They are related to the visual attributes of the image targets that need to be met, at least to a certain degree. The first one is richness in detail. Examples provided by Vuforia Developer LibraryTM are a street scene, a picture of a group of people, collages and mixtures of items. The second visual attribute is good contrast, which is exemplified by images that have bright and dark regions. Also, Vuforia recommends well-lit regions. Third is the absence of repetitive patterns which refers to avoidance of symmetry, repeated patterns and featureless areas (VuforiaTM Developer Library1). Additionally, experts recommend inclusion of letters into the image (Lea Skorin-Kapov, personal communication, February 10, 2022) which is the fourth attribute we shall use in this paper, and the possibility of the inclusion of QR codes (ibid.)  that we shall not focus on. Matte surface but no gloss paper should be used (VuforiaTM Developer Library2) and this is the fifth attribute we shall look into in the present paper. We shall investigate whether the visual images contained in the textbooks for English and Science comprise the mentioned five attributes to establish if they can be used for representation by means of AR technology. We have chosen English and Science as we find that they encompass many overlapping topics available for use within the content and language integrated educational approach. This approach is known to be beneficial for pupils’ development of the English language skills as well as their knowledge of other subject areas.

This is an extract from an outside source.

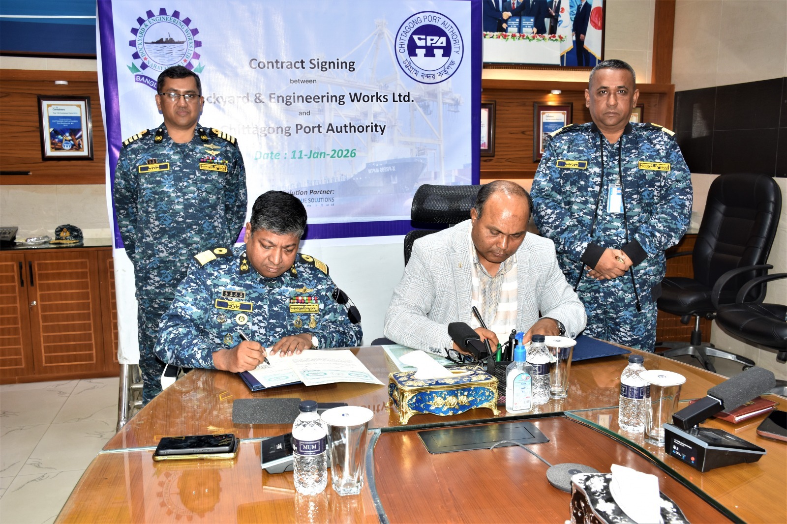 উক্ত চুক্তিতে চবক এর পক্ষে চট্টগ্রাম বন্দর কর্তৃপক্ষের মাননীয় চেয়ারম্যান রিয়ার এডমিরাল এস. এম. মনিরুজ্জামান এবং ডকইয়ার্ড এন্ড ইঞ্জিনিয়ারিং ওয়ার্কস লিমিটেড এর পক্ষে ম্যানেজিং ডিরেক্টর কমডোর মোহাম্মদ ফয়জুল হক স্বাক্ষর করেন। চুক্তি স্বাক্ষর অনুষ্ঠানে বন্দরের সদস্য (হারবার ও মেরিন) কমডোর আহমেদ আমিন আবদুল্লাহ, চবক এর পরিচালক (নিরাপত্তা) লেঃ কর্ণেল মোঃ জহিরুল ইসলাম, সিস্টেমস এনালিস্ট জনাব আকরাম চৌধুরীসহ উভয় প্রতিষ্ঠোনের ঊর্ধ্বতন কর্মকর্তাগণ উপস্থিত ছিলেন।

Content and language integrated learning

As an educational approach, content and language integrated learning (CLIL) has a twofold and equally represented focus as it is directed to achieving both specific subject (e.g. Science) and foreign language (e.g. English) learning outcomes. As an umbrella term CLIL was first adopted by the European Network of Administrators, Researchers and Practitioners in the mid-1990s (Coyle, 2007). CLIL is carried out through thirty core features that can be summarized into six areas; namely multiple focus of pupils on various themes, providing safe and enriching learning environment, providing authenticity in terms of the learning materials and learning experience, enabling active learning where pupils are in the focus of the learning process, scaffolding where various skills and learning styles are being used and developed in search for knowledge and co-operation between the partakers in the process of education, such as teachers, parents, local authorities, etc. (Mehisto et al., 2008, pp. 29-30). The authors move on to point out that CLIL practice is based in the following four principles: cognition, community, content and communication (ibid.: 31). The authors of this paper feel that a combination of subjects taught via the CLIL principles and presented by means of AR applied to the existing visuals in the current textbooks may yield enhanced learning experience.

Aim and research questions

The aim of the study was to investigate the possibility of using AR applications with the existing visuals used in the textbooks for English and Science approved for use in Croatian primary schools, grades 1-4 and that are eligible for CLIL approach. To achieve this aim, we focused on the following research questions:
RQ1: Which common English and Science topics are to be recommended for content and language integrated learning (CLIL) topics?
RQ2: Are the visuals integrated into the textbooks covering English Language and Science, as well as the common CLIL topics in line with the recommended visual attributes of the AR friendly image targets (specifically richness in detail, good contrast, absence of repetitive patterns, inclusion of letters, no gloss paper)? 
RQ3: Are there differences between the English and Science textbooks vs. the chosen CLIL topics in terms of the AR attributes?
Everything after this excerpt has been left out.